# [The records]
◆ ◆ ◆ ◆ ◆ ◆ ◆

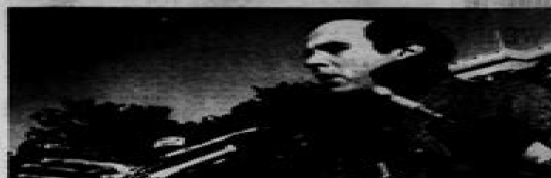
Addressing Protesting Farmers
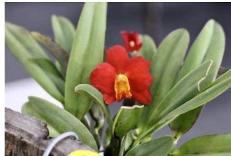
C. Chief Gem - Luda
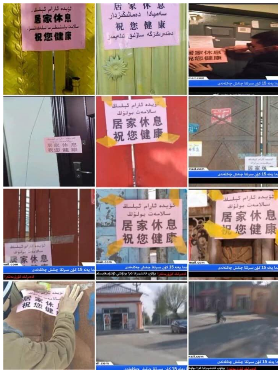
Image: Uyghur-, Kazakh-, and Chinese-language seals, the text of which exhorts residents to "Rest at home and be healthy," placed over the cracks in doors to local residents' homes.

Authentication : Language on the printed seals tracks typical government phraseology and style. Our analysis of the photos reveals no earmarks of digital alteration. Other photos posted on social media show <u>seals printed with similar messages</u> in multiple languages, including the Arabic-script Uyghur and Kazakh used in the Uyghur Region.
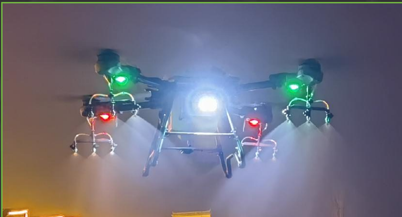
NIGHT FLIGHT FUNCTION
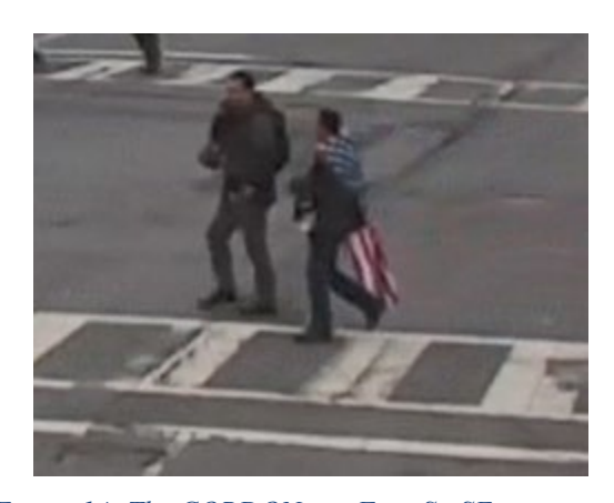
Figure 14: The CORDONs on First St, SE.

• 3:03 PM: The CORDONs depart north along First Street, SE.

◆ ◆ ◆ ◆ ◆ ◆ ◆

# [What to do]
Please output exactly the lines of the data above, from its first line through the line with "Image: Uyghur-, Kazakh-, and", and nothing else; drop the pictures.

# [Answer space]
Addressing Protesting Farmers
C. Chief Gem - Luda
Image: Uyghur-, Kazakh-, and Chinese-language seals, the text of which exhorts residents to "Rest at home and be healthy," placed over the cracks in doors to local residents' homes.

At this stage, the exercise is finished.